- 1 medium zucchini (about 10 ounces)
- 1 large egg
- 1/2 cup panko (or almond flour or bread crumbs)
- 1/2 cup grated Parmesan
- 3/4 teaspoon Italian seasoning
- 1/4 teaspoon garlic powder
- pinch of salt and pepper
- oil for spraying
Optional yogurt dip:
- 1/2 cup plain yogurt
- 1/2 teaspoon lemon zest
- 1 tablespoon fresh lemon juice
- 1/4 teaspoon salt
- 1/8 teaspoon pepper
- Cut the zucchini in half lengthwise, then cut each of those pieces in half lengthwise again. Using a vegetable peeler, shave seeds from inner portion of each zucchini quarter. Then cut the pieces in half crosswise, so you end up with 16 pieces total that are about 1/2-inch thick and 3 to 4 inches long.
- In a shallow bowl, lightly beat the egg. In another shallow bowl, combine the panko (or almond flour or bread crumbs), Parmesan, Italian seasoning, garlic powder, salt, and pepper.
- Dredge the zucchini pieces in the egg, then in the crumb mixture. Gently press crumbs to zucchini to coat and adhere.

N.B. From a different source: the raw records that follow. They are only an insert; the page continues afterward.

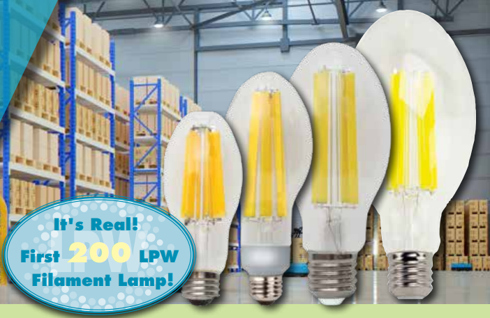 30W CLEAR FILAMENT ED28 LED E39-MOGUL SCREW BASE 120V-277V TYPE B-BALLAST BYPASS =150W HPS 2200K CRI-80 4600LM 360DEG BEAM ANGLE 50000HRS WET/OPEN/ENCLOSED RATED L 8.2" D 3.5" 0.42LBS EA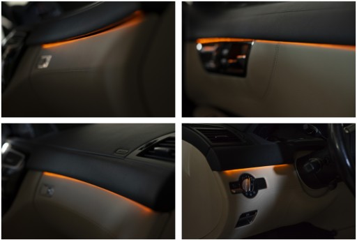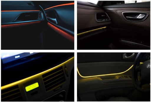 - Dzięki niewielkim wymiarom taśmę LED można bez problemu zamontować w dowolnym rowku kokpitu, w drzwiach, pod siedzeniami itp.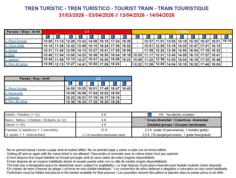 Tots els tiquets es poden comprar directament al tren turístic (temporalment NO admet el pagament amb targeta). NO es pot pujar i baixar del tren turístic amb el mateix bitllet.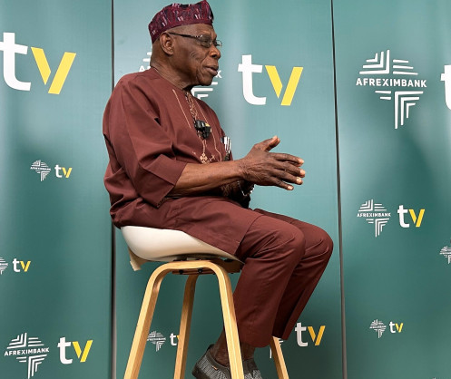 - S.E Olusegun Obasanjo, Président du Conseil consultatif de l’IATF et ancien Président de la République fédérale du Nigeria lors d’une interview dans un studio d’Afreximbank TV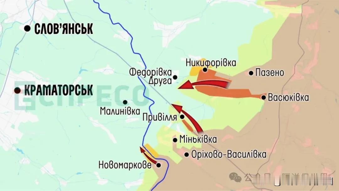 本周在斯洛维扬斯克战线上,俄罗斯加大了对克里瓦卢卡的攻势。村庄后方是北顿涅茨河海岸的显著高地。如果敌军成功占领它们,防守莱曼将变得非常困难,俄军也将在斯洛维扬斯克的进攻中获得显著优势。 目前,他们已在扎基特内村附近一段两公里的路段穿越了结冰的西韦尔斯基顿涅茨河。村里本身也发生了敌对行动。与此同时,这大大恶化了在扬皮尔的乌军防御者的处境。 村庄北部完全被俄军控制,俄军继续将防御军向南逼,逼至西韦尔斯基顿涅茨河岸边以及位于奥泽尔纳和迪布罗瓦森林中间的度假村庄。 作为斯洛维扬斯克进攻的第二条路线,俄军选择了从巴赫穆特通往斯洛维扬斯克的道路。 他们希望进入从南向北延伸、俯瞰克拉马托尔斯克和斯洛维扬斯克的主导高地。北顿涅茨克-顿巴斯运河穿过这座山丘的所有最高点。未来几个月,争夺他的战斗将成为焦点。 俄军已在山丘上及运河两岸靠近新马尔科沃村,但长期未能在此进一步推进。因此,他们制造了多个攻击区域,准备从中攻入该山。 一条路线经过明科夫卡和普里维尔内村庄,另一条则从瓦苏基夫卡通往费多里夫卡·德鲁哈。 正是在那里,2月,敌军大幅扩大控制区,占领了数个村庄,开始争夺尼基福里夫卡,并抵达费多里夫卡德鲁哈郊区。 与此同时,他们进入了普里维利亚我们守军的侧翼,这可能导致乌军在这些村庄的防御被削弱,并被迫撤退到沿运河的新防线。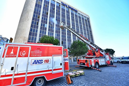 İzmir Büyükşehir Belediyesi İtfaiye Dairesi Başkanlığı, İtfaiye Haftası etkinlikleri kapsamında Cumhuriyet Meydanı’ndaki Türk Telekom Binası’nda bir yangın söndürme ve kurtarma tatbikatı düzenledi.
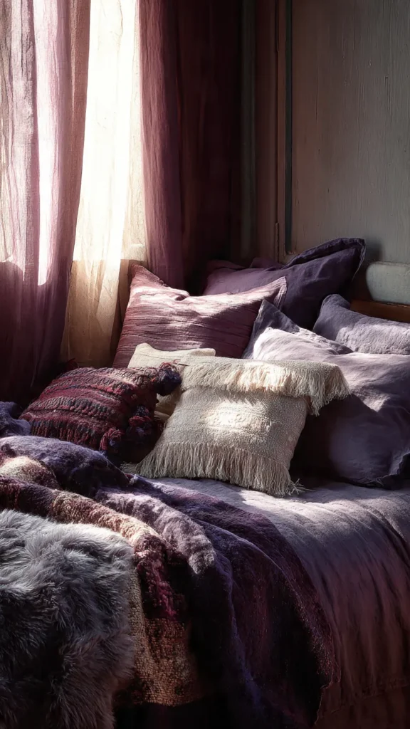 Layering textiles is key to achieving a cozy bedroom. Combine different shades of earthy purple through throws, cushions, and rugs. Mixing lighter lavender tones with deeper aubergine or plum creates visual interest and depth. Stick to natural fabrics like cotton, wool, and linen to maintain an organic feel that enhances comfort.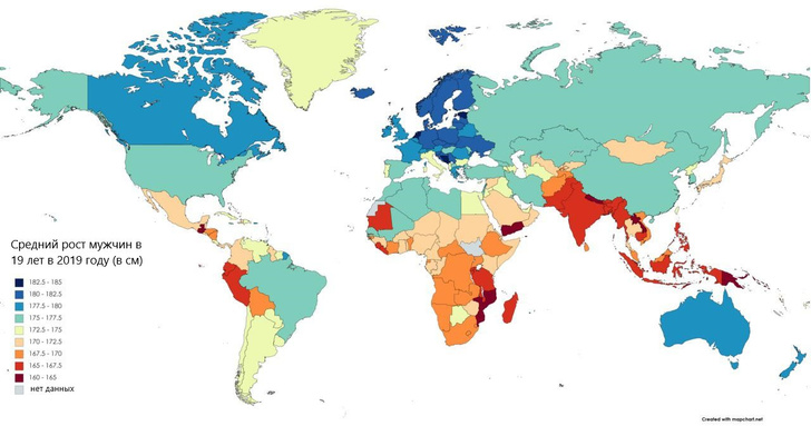 В среднем жеж имеется в виду. Голландцы в среднем 182 см. И тенденция чем севернее народ, тем выше.
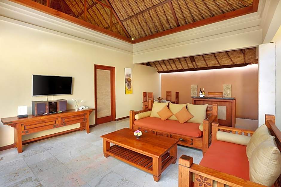 Featuring a private terrace with garden and pool views, this villa has a well equipped kitchen, dining area and ample living area with sofas. The bedroom has mosquito nets, cable TV with DVD player, and an private bathroom with bath and shower facilities.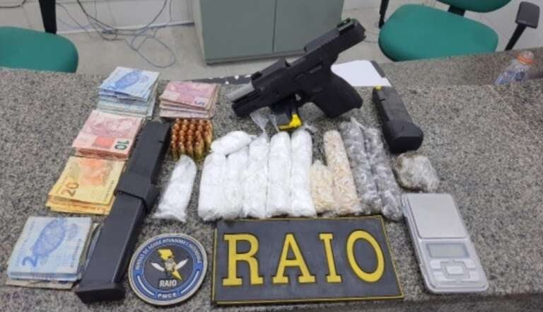 Por volta de 19h30, os policiais militares foram até o local e se depararam com o suspeito, que ao notar a presença das composições do CPRaio se desfez de um saco plástico e tentou se evadir, sendo abordado em seguida portando uma pistola de calibre 9mm com 23 munições intactas. A sacola plástica foi apreendida também e dentro havia cocaína (97 gramas), maconha (40 gramas), crack (19 gramas), balança de precisão e dinheiro em espécie.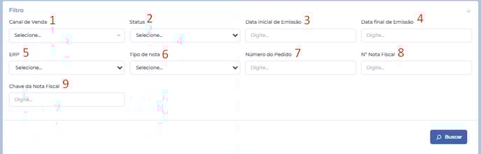- N° Nota Fiscal: filtra pelo numero da Nota Fiscal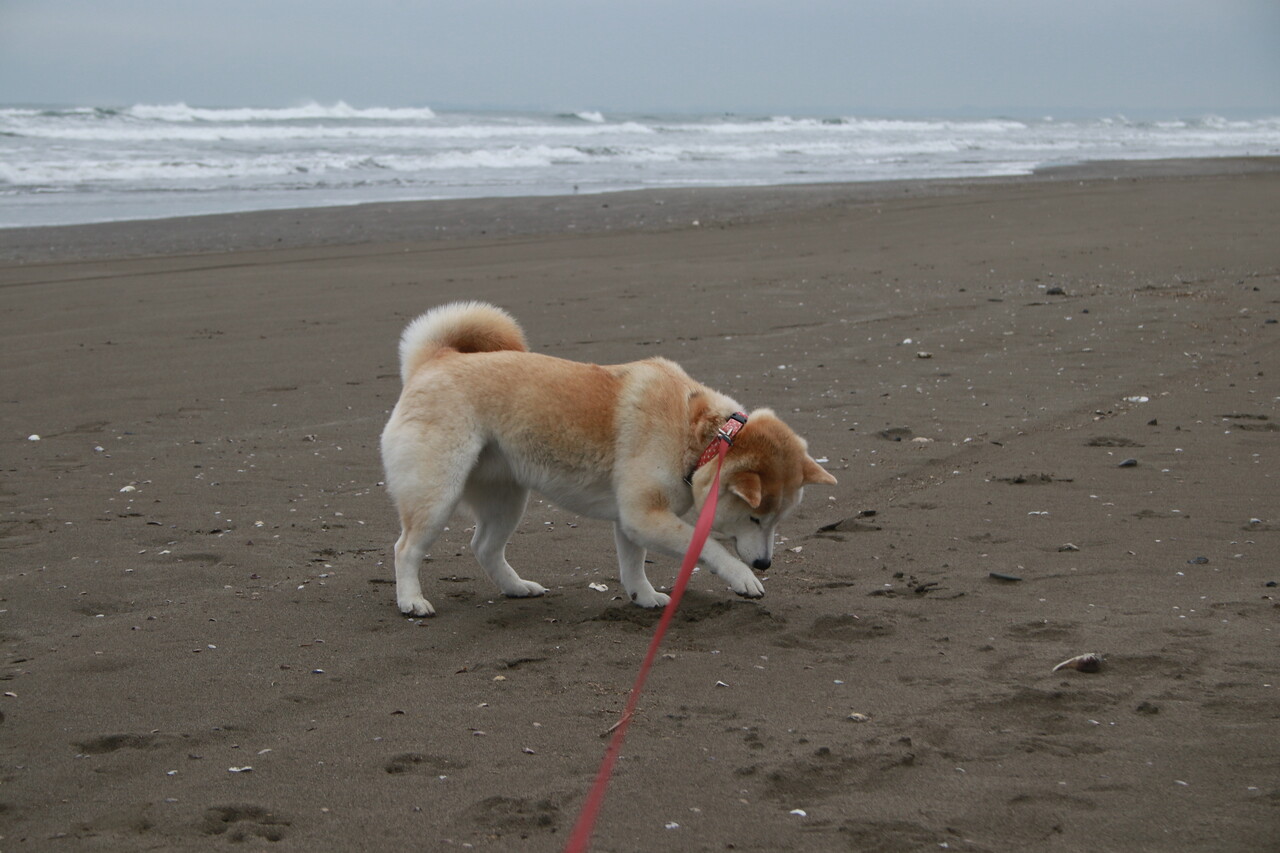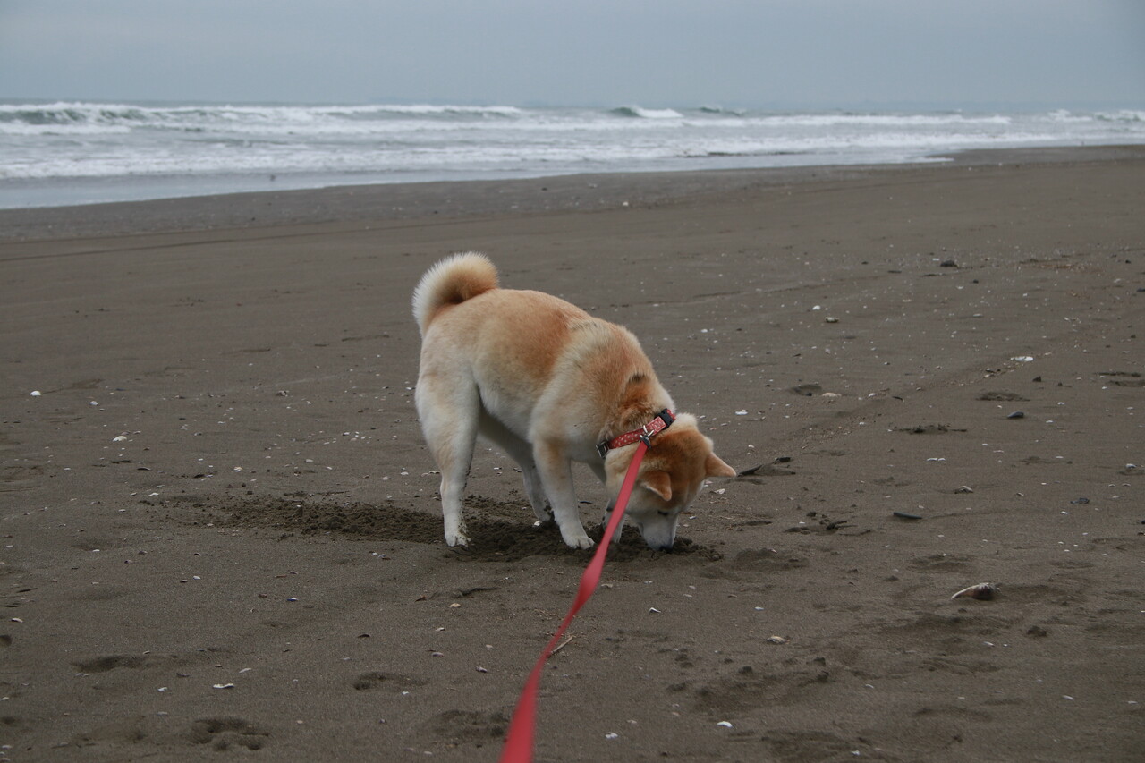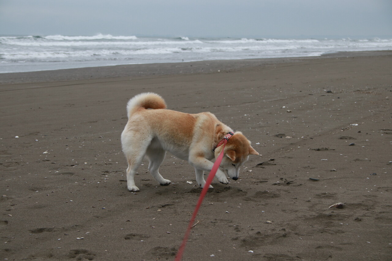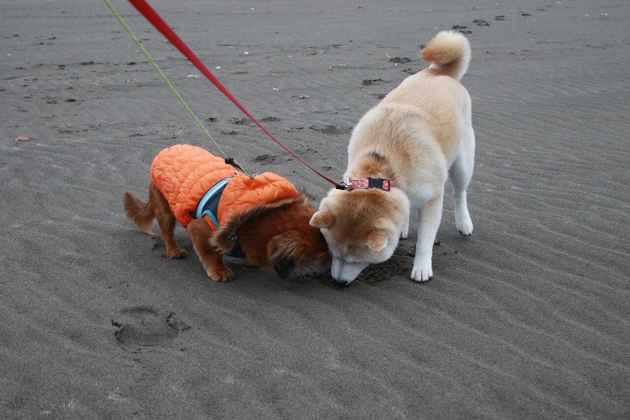 雨上がりの砂浜の香りは、格別。 仲良くチェックしています。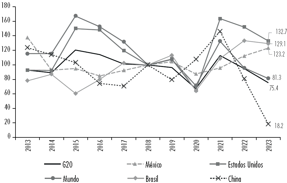 Como se señaló, el nearshoring se originó por un conjunto de eventos internacionales que le dieron a México ventajas comparativas en el comercio con Estados Unidos. En la Figura 1 se observa que, a partir del 2020, la IED en México creció a una velocidad mayor que el resto del mundo y de los países que conforman el grupo G-20. En 2023 la variación anual de de IED en México fue de 9.8%, mientras que en el mundo, en el G-20 y China, la tendencia fue a la baja y con caídas anuales de 15.0, 20.7 y 77.5%, respectivamente. Esta última caída en China refleja los efectos de la guerra comercial, ya que pasó del tercer lugar en 2013 como receptor de IED al décimo en 2023, periodo en que la inversión disminuyó 85.3%. En 2013 México ocupó el octavo lugar como receptor de flujos de IED (entre los países que conforman el G-20) y en 2023 pasó a ocupar el séptimo lugar. Ello implicó que en este último año México recibiera el 4.7% de la IED destinada a estos países. Si bien el flujo de la IED hacia México disminuyó 10.5% en este mismo periodo, se debió al estancamiento observado entre 2015 y 2019, así como al efecto provocado por la contingencia sanitaria en 2020. Sin embargo, a partir de 2021, la tendencia de crecimiento fue positiva.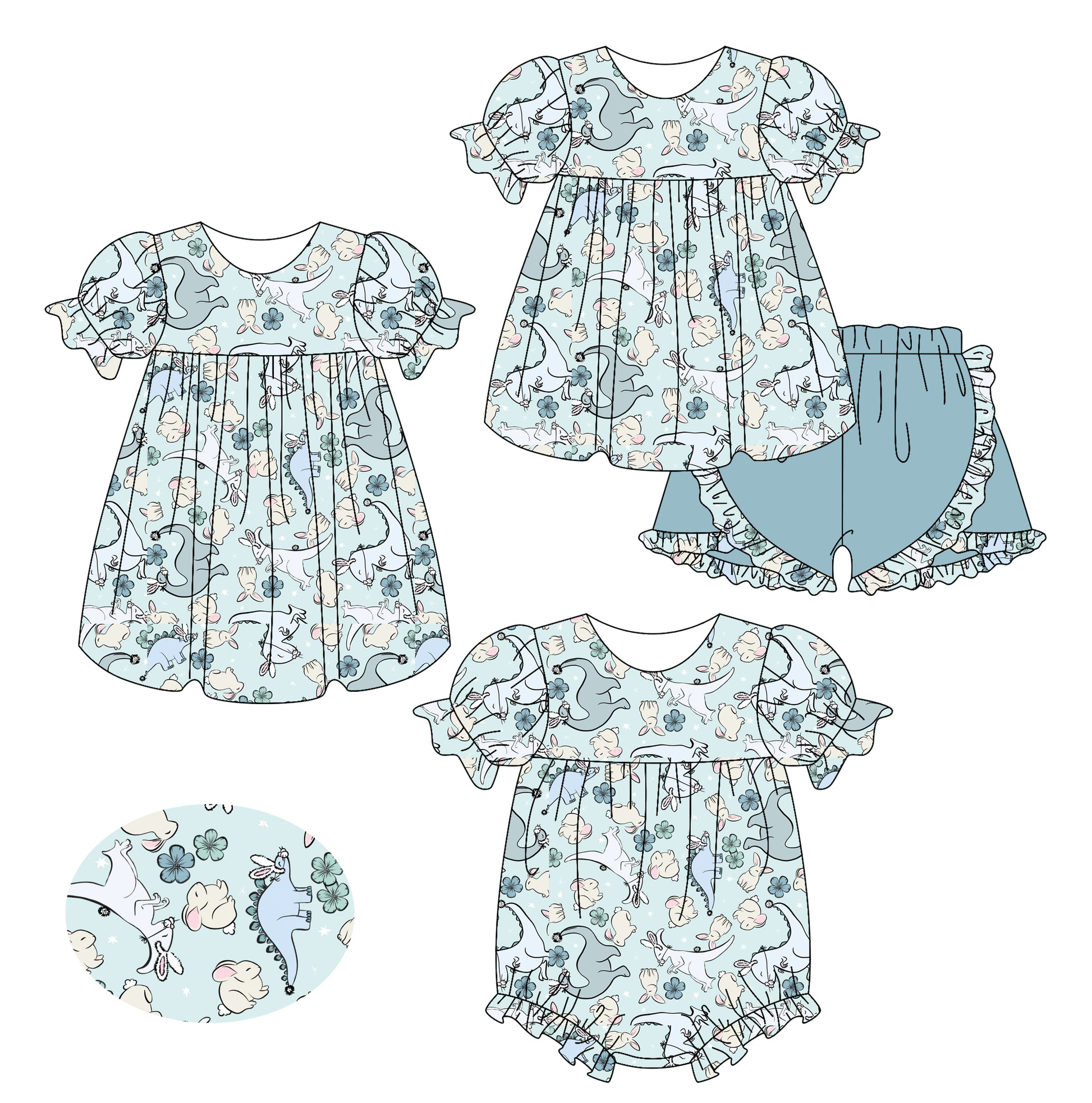 25.123 custom each style moq 5 eta 6-8week Sibling Sister baby short sleeve shorts sets and romper and dress match design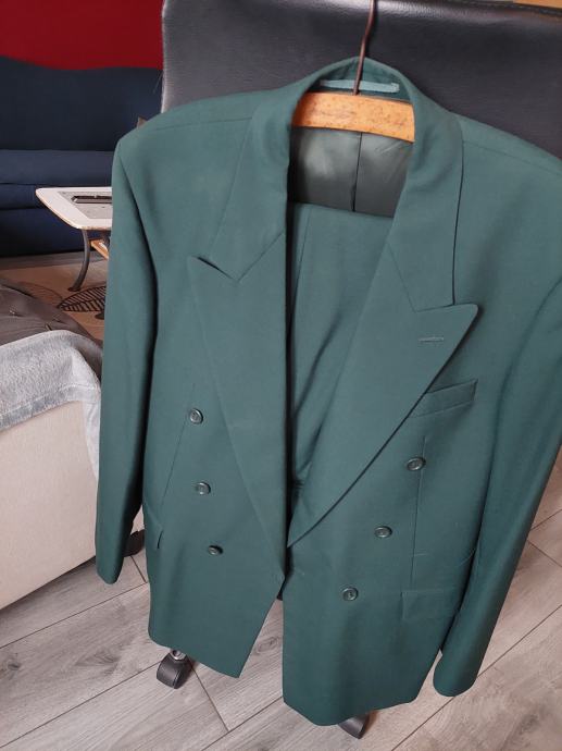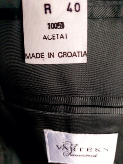 Prodajem original Varteksovo odijelo sačuvano i svega jednom nošeno. br 40 Dužina nogavice mjerena bočno 104 cm s tim da ima još 5 cm za produžetak .U struku je 96 cm..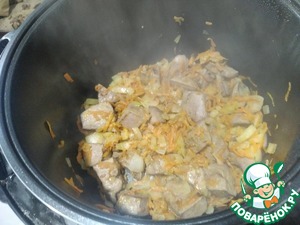 Добавляем в чашу печень — Режим «Жарка» 8 минут.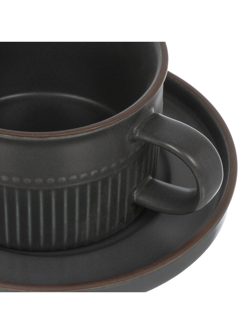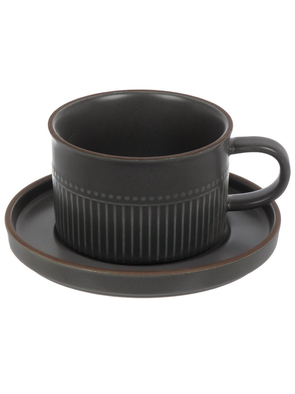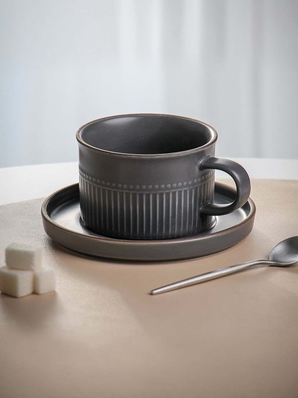 Чайная пара 280 мл «Графитовый Антик»: современный стиль, керамика, подходит для микроволновки и посудомоечной машины. Лаконичный дизайн для ценителей уюта.

- Lightly spray the air fryer basket with oil to help prevent the zucchini from sticking. Arrange half of the zucchini pieces in the basket in a single layer, spaced evenly apart. Spray zucchini with the oil to help evenly brown. Arrange remaining zucchini on top, perpendicular to first layer. Spray with oil.
- Cook in air fryer at 400°F for 9-10 minutes, or until breading is crisp and golden.
- For the yogurt dip, whisk the yogurt, lemon zest, juice, salt, and pepper together in a small bowl. Serve with zucchini fries.
To cook in an oven, arrange fries in single layer on a baking sheet. Bake for 30 minutes at 425°F.